In that case, what if instead of just stopping, we made a new component with the same striping properties as the old one?  Not the same OSTs, but the same striping properties - size, count, pool if specified.

So the layout would look like this:

---------comp1, ost0,ost1----------- [extension space .....]

Then one of those OSTs comes up "full".  The behavior we've described already would just remove that extension space, which would look like this:

---------comp1, ost0,ost1-----------  

And fail further writes to the file.

But if we added a new component, like I suggested above, it could look like this:

---------comp1, ost0,ost1----------- comp2, ost2, ost3----- [extension space .....]

And then we wouldn't have to stop writing to the file because the OSTs it was on are running out of space.

This would only be desirable in cases where no further components were specified - If further components are specified, the behavior described in them should control.

This could either be the default behavior for self-extending PFL components with no further components or it could be controlled by a flag.  Thoughts?
(Again, I think some folks may have already been imagining a version of this...  )

Comment by Patrick Farrell (Inactive) [ 30/Mar/18 ]

Note this behavior has one obvious downside, which is that if we're filling up all available OSTs (either the whole file system or a pool) we could "wander" between different OSTs, ending up with files with many small-ish components on many OSTs.  I don't think this is enough of a problem that we should not do this, it's just something to consider.

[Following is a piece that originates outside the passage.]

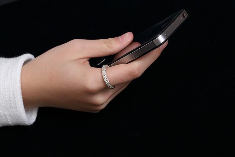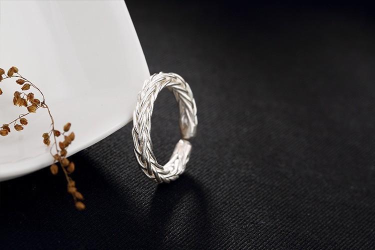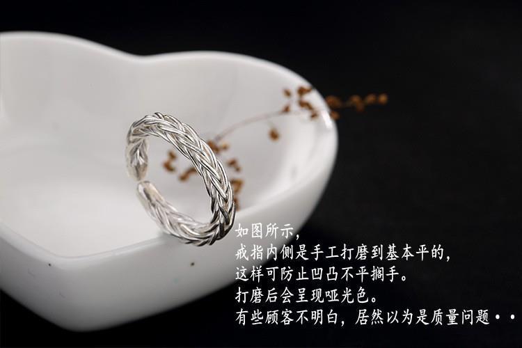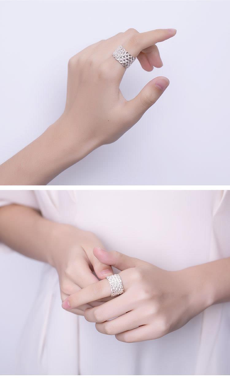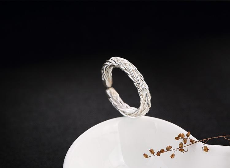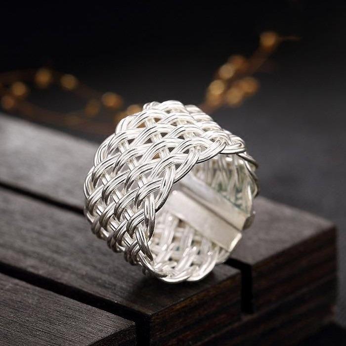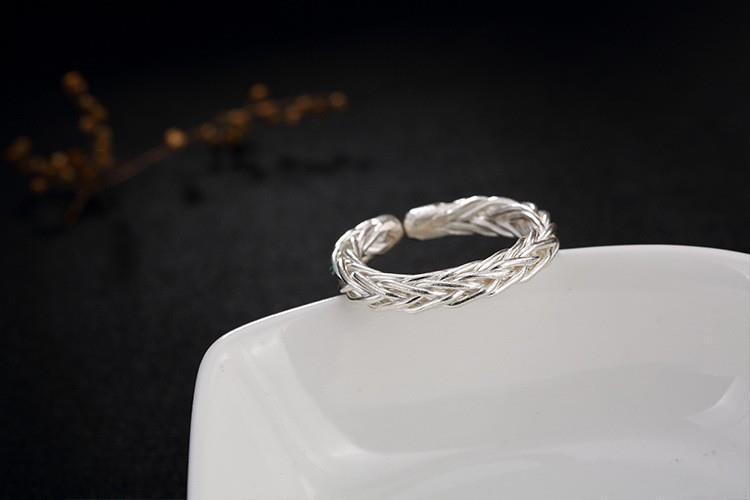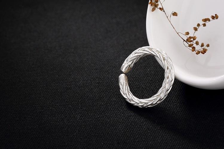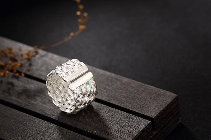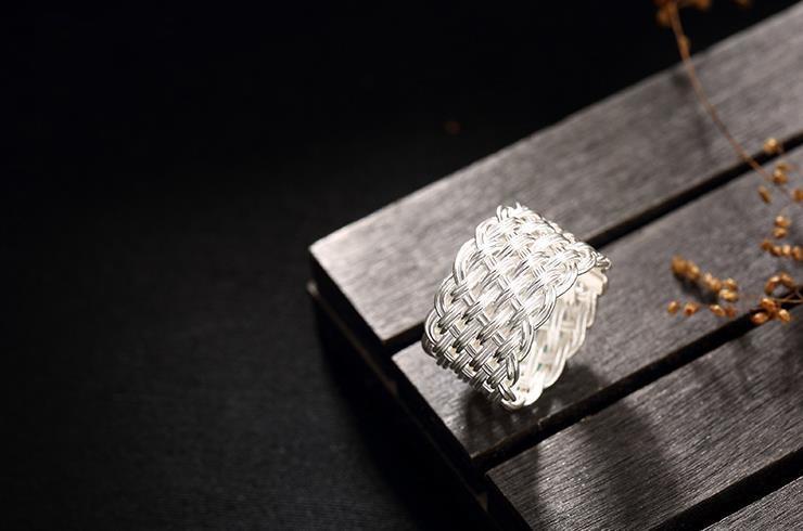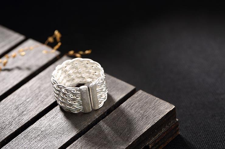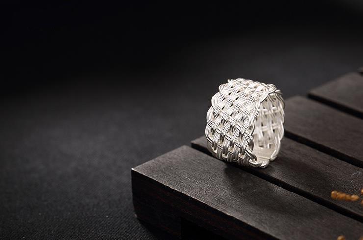 ワイド編みオリジナル925純銀手作りレトロ個性開口潮人差し指男女指輪リングデザイナー新作

Comment by Andreas Dilger [ 02/Apr/18 ]

Two notes on practicality of usage here:

  • if the layout is extended only in 10MB chunks, that would mean that writes are essentially going to be RPC bound with the MDS, since a single client writing may get about 5GB/s/10MB = 500 RPCs/s to the MDS just for layout extensions, per client, which is totally impractical. The larger these component extensions get, the fewer the RPCs to the MDS, but also the more likely that an OST could run out of space before the file is finished writing. That is why PFL suggests files become more widely striped as they get larger, so that the data is spread across more OSTs rather than filling up only a few OSTs. The best way to avoid premature out-of-space is to avoid the OSTs becoming imbalanced in the first place
  • if the layout extension is not "sticky" on the existing OSTs, it will cause a large number of components to be created, quickly making the layout itself get too large. I believe your goal is that the existing component would continue to be extended on the same OST objects until they are no longer suitable, so the layout size will remain constant until different OSTs need to be selected. When a new component is created (presumably on new OSTs), it should pick OSTs that will remain suitable for some longer period of use to avoid this issue.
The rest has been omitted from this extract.